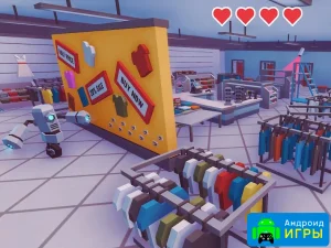 Внутри здания всё устроено не так просто, как могло показаться новичку. После закрытия по всему торговому центру активируется сигнализация, а по коридорам начинают патрулировать специальные охранные роботы. Пусть их внешний вид и забавен, но это серьёзные противники с продвинутым искусственным интеллектом. Любая ошибка и вас заметят. Чтобы избежать поимки, придётся наблюдать за маршрутами патрулирования и искать моменты для безопасного перемещения. Кроме того, здание буквально напичкано камерами наблюдения, которые необходимо обходить стороной. Вам нужно пробраться в нужный магазин, незаметно забрать цель и так же тихо скрыться.Геймплей и атмосфера
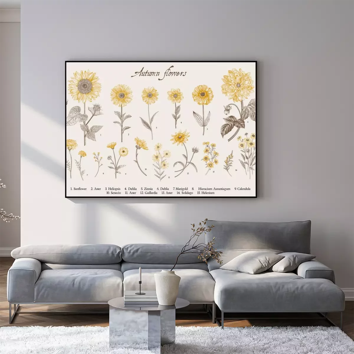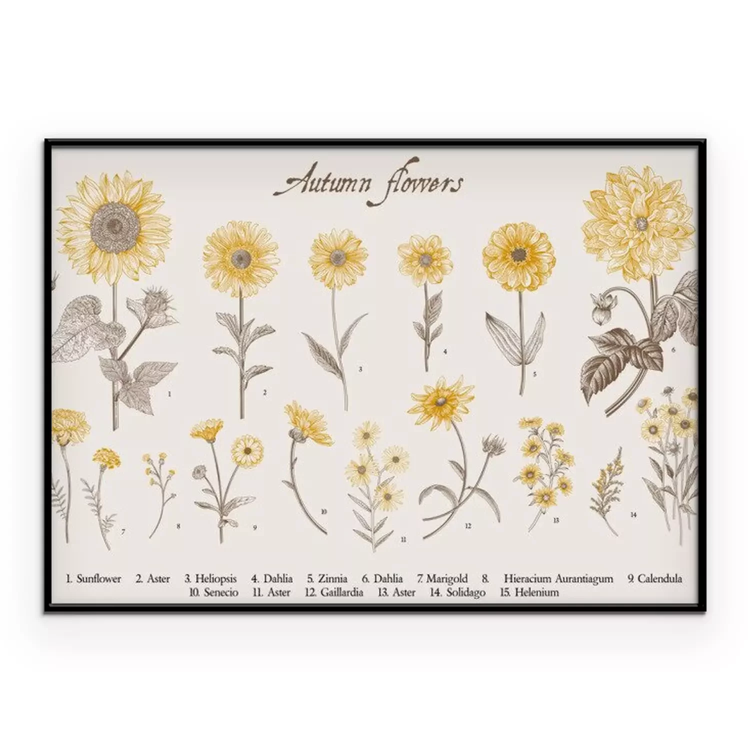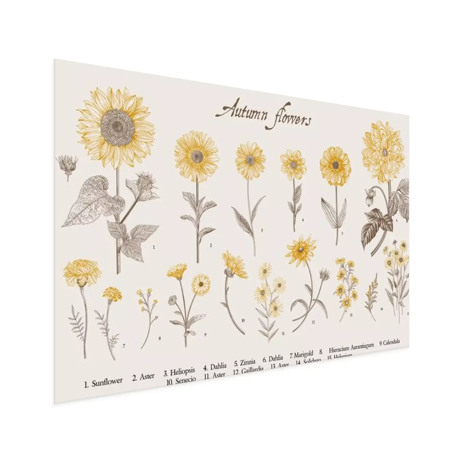 Poster: Zonnebloemen en andere gele bloemen tekenen
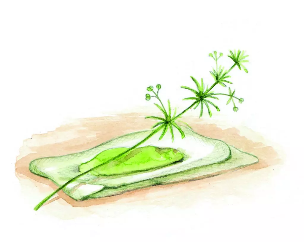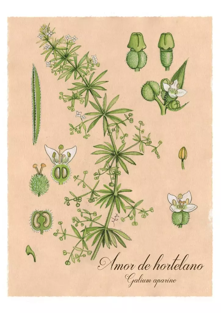Amor de hortelano o lapa (Galium aparine) por Azahar Giner. Agenda herbal 2022.
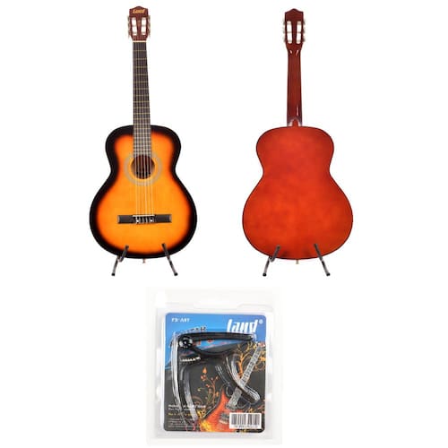 Violão land acustico nylon sunburst ln-39 sb A land sabe que mesmo os iniciantes merecem um primeiro violão com qualidade e o la39, com cordas de nylon, é uma ótima opção neste caso. Violão ideal para quem está começando os primeiros passos no mundo da música. Oferece som acústico, marcações na sua escala que facilitam a visualização do estudante. O violão de aço ln-39 da land é sucesso de venda, isso se deve a sua ótima qualidade, tanto sonora quanto de acabamento, aliada ao seu baixo custo. O ln-39 é um dos violões mais indicados pelas escolas de música para iniciantes e estudantes. Exatamente por ser um violão macio, leve e conta com cordas de nylon, que proporcionam uma pegada mais confortável, facilitando o aprendizado. O ln-39 é excelente também para quem quer reunir seus amigos, fazer uma roda e tocar suas músicas favoritas. Marca - land Modelo - la39 Linha - water series Categoria - iniciante Estilo - cowboy Tamanho - 39 polegadas Tampo - linden Fundo - linden Escala - black wood Braço - mahogany Acabamento - verniz brilhante Cor - sunburst Cordas - nylon Cavalete - black wood Cutway - sim Trastes - 20 Marcaçao - bolinhas brancas Comprimento - 98,8 cm Largura - 38,0 cm Espessura - 10,0 cm Braço - 52,2mm Peso - 1,65 kg + capo traste pb a07 - muitas vezes o processo criativo de uma música necessita de algum auxiliar que deixe o arranjo mais completo e bonito. E o capotraste é um objeto musical fundamental para isso e quando falamos nele, a land é especialista na área e hoje iremos te apresentar o capotraste land pb-a07 para violão de aço 6 cordas. O land pb-a07, é um excelente item de acompanhamento, feito em material resistente, o que faz ele prender as cordas com maior precisão, assim você pode substituir a tonalidade da música sem dificuldades e sem mudar as formas de acordes já aprendidos, deixando o som do violão mais limpo e brilhante
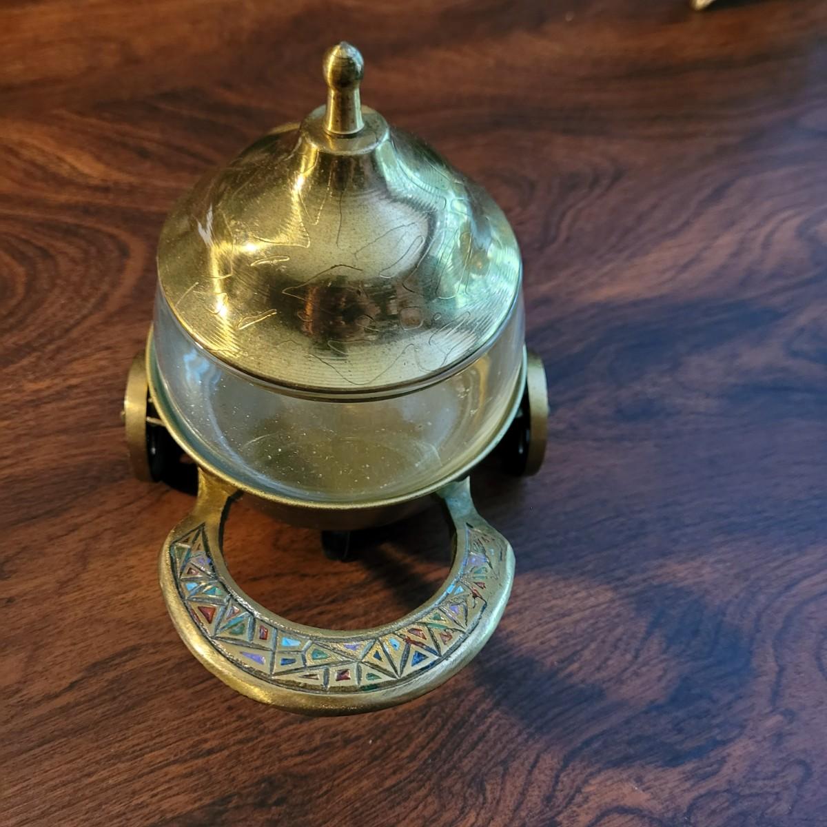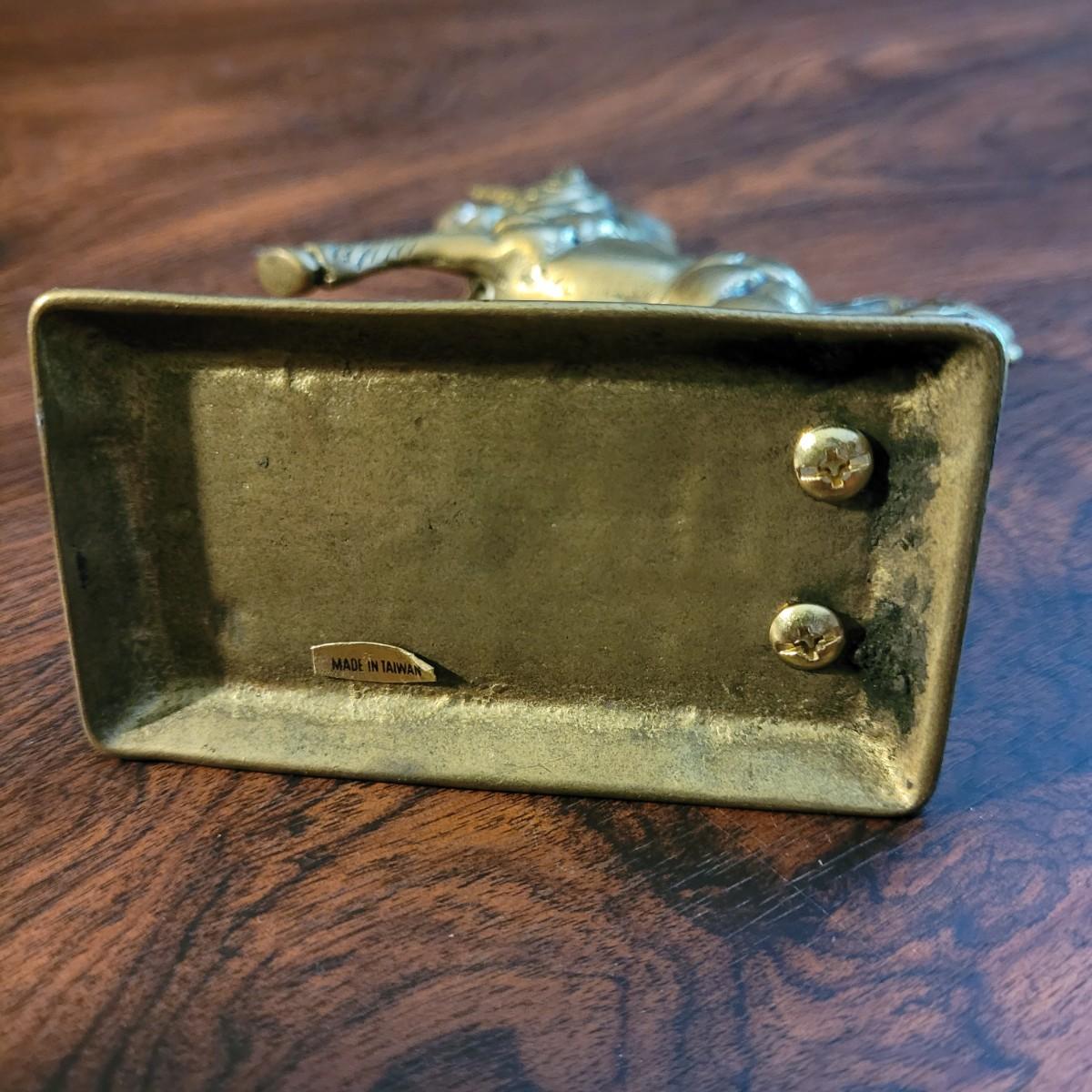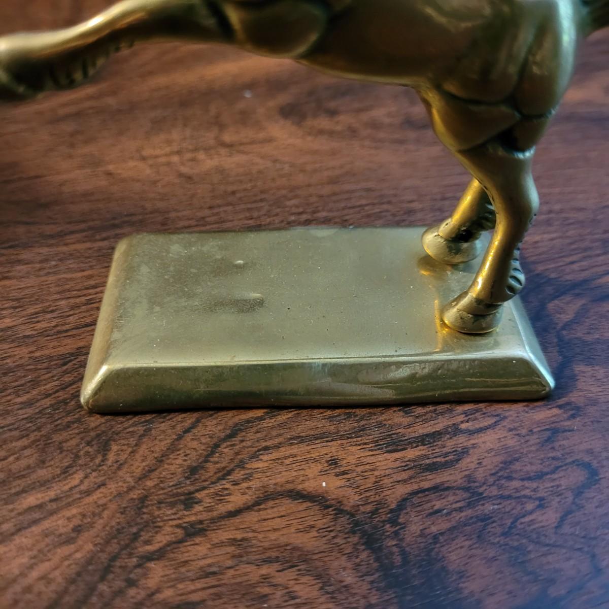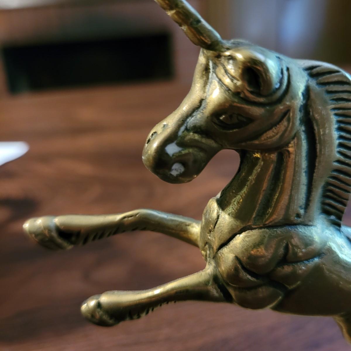 Collection of decor with brass style and coloring. Can not verify if items are real brass. Decor includes glass floral shade lamp that works when plugged in. Lamp in good condition with small crack at base and where shade attaches to body. Other items included are a small unicorn, book ends that are heavy, glass vase with stand, and small bowl on rolling cart (made in Israel). Lamp measures approximately 18.5"H at tallest point. Shipping available.

--

• **What you should do**
Repeat the material above in full and unchanged, minus its images.

• **Exercise result**
 Внутри здания всё устроено не так просто, как могло показаться новичку. После закрытия по всему торговому центру активируется сигнализация, а по коридорам начинают патрулировать специальные охранные роботы. Пусть их внешний вид и забавен, но это серьёзные противники с продвинутым искусственным интеллектом. Любая ошибка и вас заметят. Чтобы избежать поимки, придётся наблюдать за маршрутами патрулирования и искать моменты для безопасного перемещения. Кроме того, здание буквально напичкано камерами наблюдения, которые необходимо обходить стороной. Вам нужно пробраться в нужный магазин, незаметно забрать цель и так же тихо скрыться.Геймплей и атмосфера
 Poster: Zonnebloemen en andere gele bloemen tekenen
Amor de hortelano o lapa (Galium aparine) por Azahar Giner. Agenda herbal 2022.
 Violão land acustico nylon sunburst ln-39 sb A land sabe que mesmo os iniciantes merecem um primeiro violão com qualidade e o la39, com cordas de nylon, é uma ótima opção neste caso. Violão ideal para quem está começando os primeiros passos no mundo da música. Oferece som acústico, marcações na sua escala que facilitam a visualização do estudante. O violão de aço ln-39 da land é sucesso de venda, isso se deve a sua ótima qualidade, tanto sonora quanto de acabamento, aliada ao seu baixo custo. O ln-39 é um dos violões mais indicados pelas escolas de música para iniciantes e estudantes. Exatamente por ser um violão macio, leve e conta com cordas de nylon, que proporcionam uma pegada mais confortável, facilitando o aprendizado. O ln-39 é excelente também para quem quer reunir seus amigos, fazer uma roda e tocar suas músicas favoritas. Marca - land Modelo - la39 Linha - water series Categoria - iniciante Estilo - cowboy Tamanho - 39 polegadas Tampo - linden Fundo - linden Escala - black wood Braço - mahogany Acabamento - verniz brilhante Cor - sunburst Cordas - nylon Cavalete - black wood Cutway - sim Trastes - 20 Marcaçao - bolinhas brancas Comprimento - 98,8 cm Largura - 38,0 cm Espessura - 10,0 cm Braço - 52,2mm Peso - 1,65 kg + capo traste pb a07 - muitas vezes o processo criativo de uma música necessita de algum auxiliar que deixe o arranjo mais completo e bonito. E o capotraste é um objeto musical fundamental para isso e quando falamos nele, a land é especialista na área e hoje iremos te apresentar o capotraste land pb-a07 para violão de aço 6 cordas. O land pb-a07, é um excelente item de acompanhamento, feito em material resistente, o que faz ele prender as cordas com maior precisão, assim você pode substituir a tonalidade da música sem dificuldades e sem mudar as formas de acordes já aprendidos, deixando o som do violão mais limpo e brilhante
 Collection of decor with brass style and coloring. Can not verify if items are real brass. Decor includes glass floral shade lamp that works when plugged in. Lamp in good condition with small crack at base and where shade attaches to body. Other items included are a small unicorn, book ends that are heavy, glass vase with stand, and small bowl on rolling cart (made in Israel). Lamp measures approximately 18.5"H at tallest point. Shipping available.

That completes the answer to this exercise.